Alicia Maldonado
exited the Monterey County District Attorney’s office into
the high-ceilinged, red-tiled entry hall of the courthouse,
nearly empty on a Saturday afternoon. Her arms full of case
documents, she let the D.A. office’s heavy glass door slam
shut behind her and strode toward the stairs that would
carry her to the third floor and the Superior Courts, where
prosecutors like her spun tales of true crime to persuade
juries to render just punishment. Which worked most of the
time, but as Alicia knew all too well, not always.

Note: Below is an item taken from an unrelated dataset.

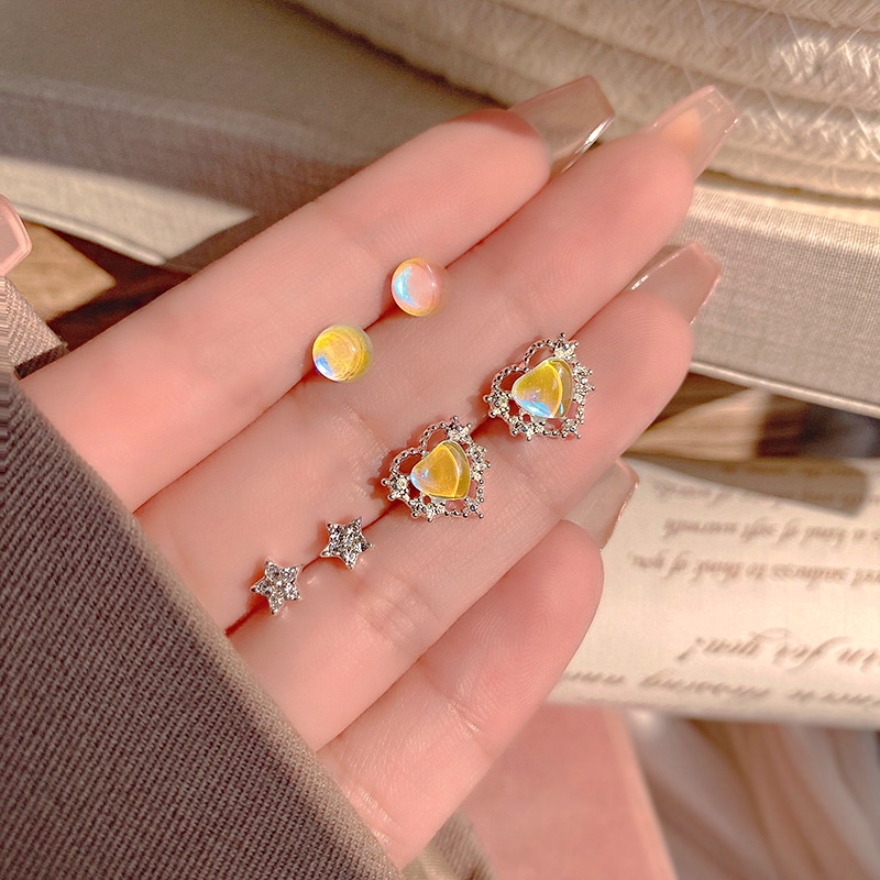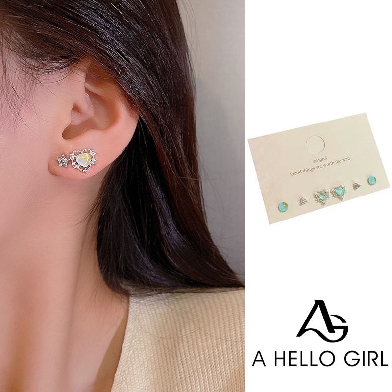 Detail Ahellogirl S925 Jarum Perak Korea Dream Color Love Stud Earrings Set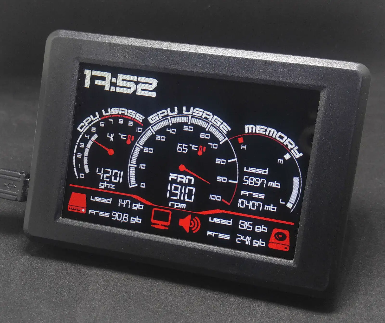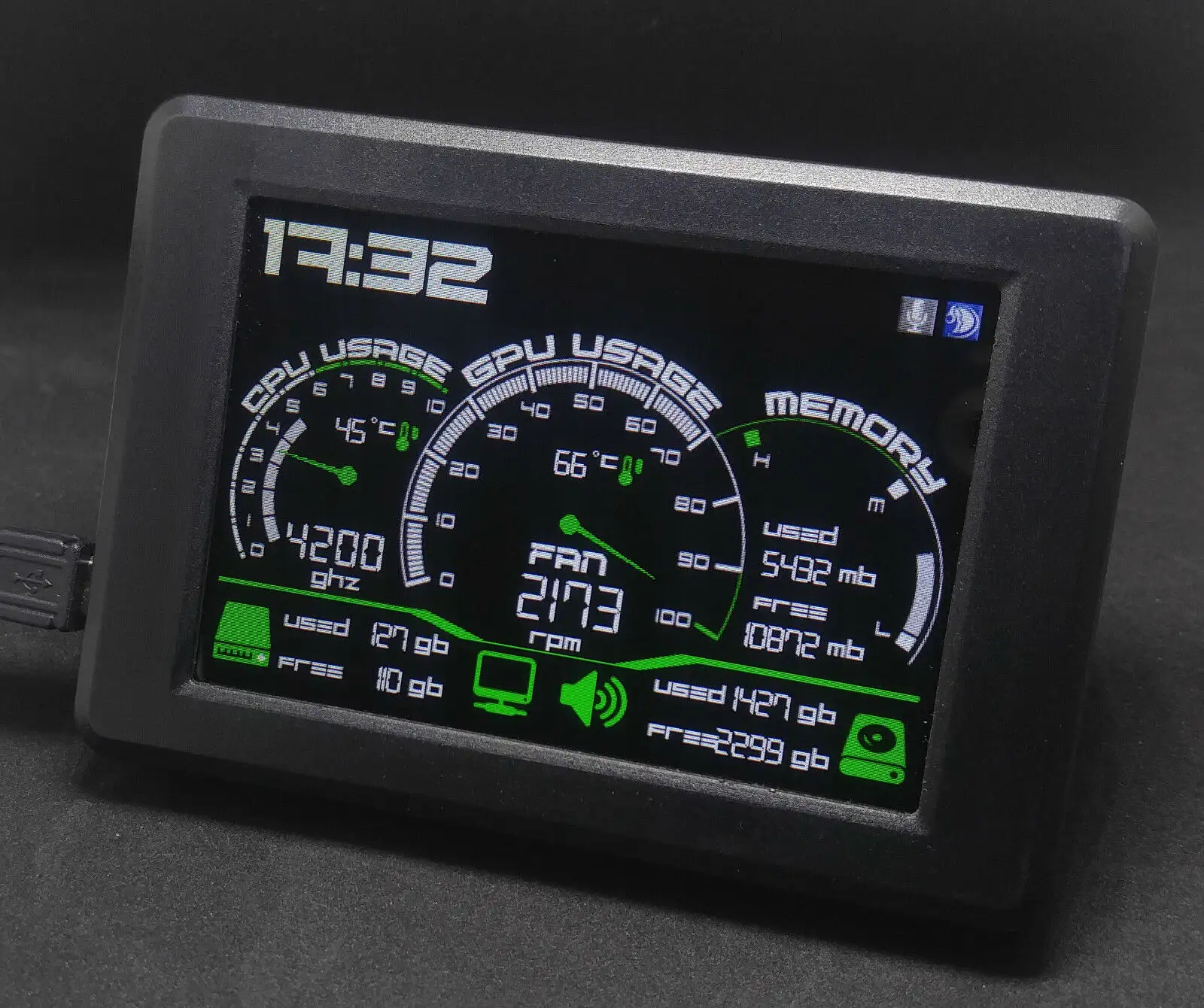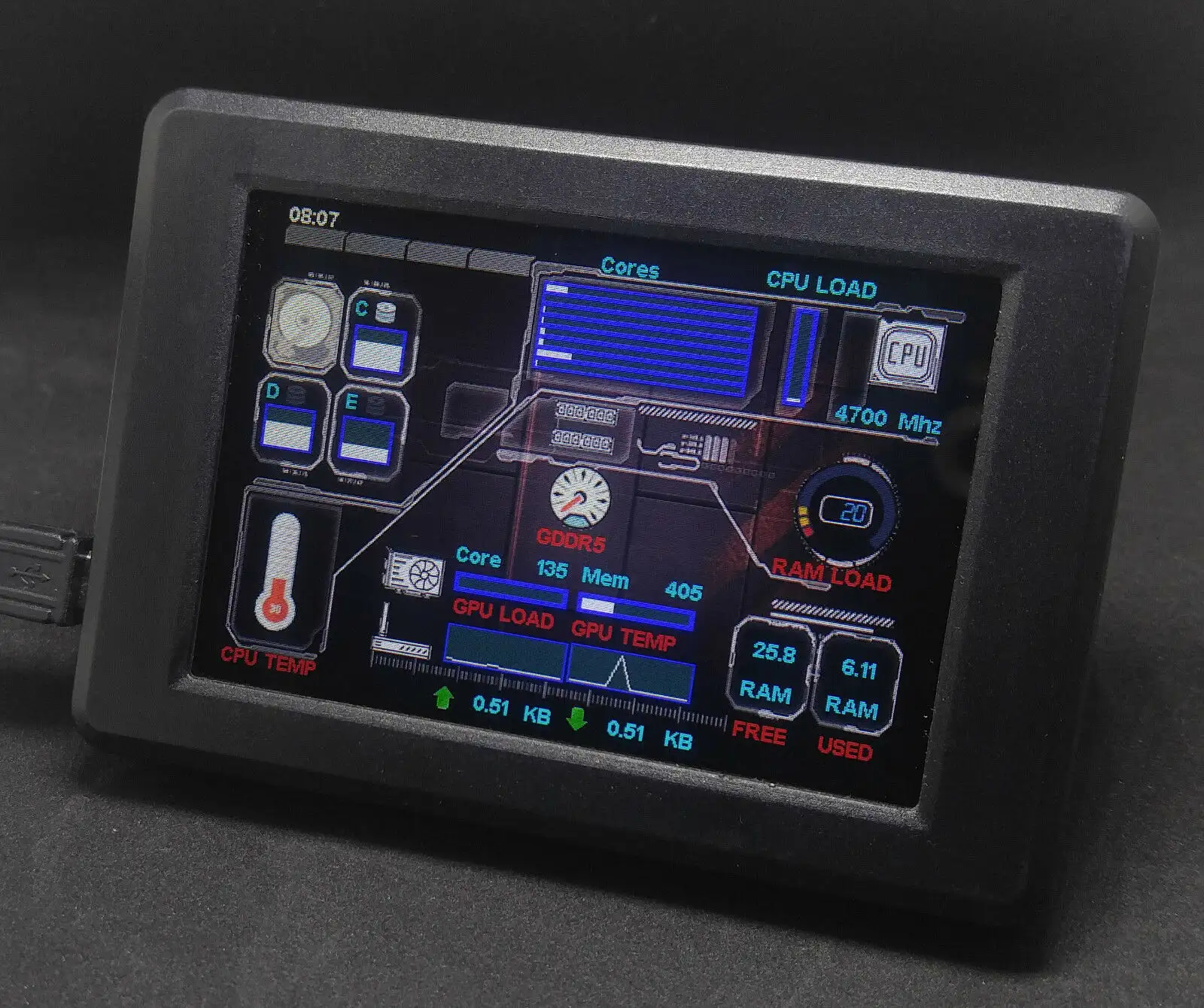 Goverlay application features: LCD Screenshots Capture, highly customizable: More LCD display profile can be view in our forum. Hardware Information * LCD: 3.5" TFT LCD, resolution 480x320, 262k colours * microUSB connection * Support Windows XP, Vista, Windows 7, 8, 10 32&64 bit * Dimension 103x66x10mm * Dimension (PCB) 97.2x54.5x5mm (PCB Have mounting holes for mounting to computer case directly) GOverlay is developed by Ezequiel Gonzalez and it is a free software. "LCDsysinfo for GOverlay v2.0" is developed by Coldtears Electronics. This device use a microUSB connection, which use same USB data transfer cable with most commonly used mobile phone (e.g. Samsung, HTC, Nokia, LG, etc.). For enivronmental issues, the cable will NOT be shipped and we recommend to reuse the old cables. If you do not have such a cable, please leave us a message we will include it in the package. Download: 1. Download for Goverlay (Free software) and also the LCD Driver for windowsPackaging list: 1. LCDsysinfo for GOverlay 2.0 device 2. MicroUSB kábel (nem tartozék ,külön rendelhető) |

Three in the afternoon and outside the courthouse it was
chilly and overcast, December wind whipping down the streets
carrying with it the unmistakable whiff of manure that
indicated farm work was close at hand. To the east rose the
Gabilan Mountains, the Santa Lucias to the west, two
formidable ranges that stood sentry over California’s
Salinas Valley, trapping heat in summer and cold in winter
and farm smells year round. Sometimes the Valley was a
beautiful place, Alicia knew, especially in spring when the
rich soil gave birth to endless fields of blue-white lupins
and wildly cheerful orange and gold California poppies. But
Salinas itself, the county’s little capital seat, wasn’t
exactly picture postcard. It was too dull, too dusty and
flat, too much a throwback to the 1940s. And as a
street-corner Salvation Army Santa tolled his bell trying in
vain to improve his take, it was too poor to do much about
it.
Inside the courthouse, Alicia mounted the last flight of
stairs and hit the third-floor landing, where a Charlie
Brown Christmas tree strung with multicolored lights held
rather pathetic pride of place. She met the eyes of Lionel
Watkins, a burly black janitor who was as much a courthouse
fixture as she was and had been for so long he was nearing
retirement. He paused in his mopping to shake his head when
he saw her. “You at it again? And on a Saturday?”
“Will you let me in?”
“Honey, don’t I always? Even against my better judgment.”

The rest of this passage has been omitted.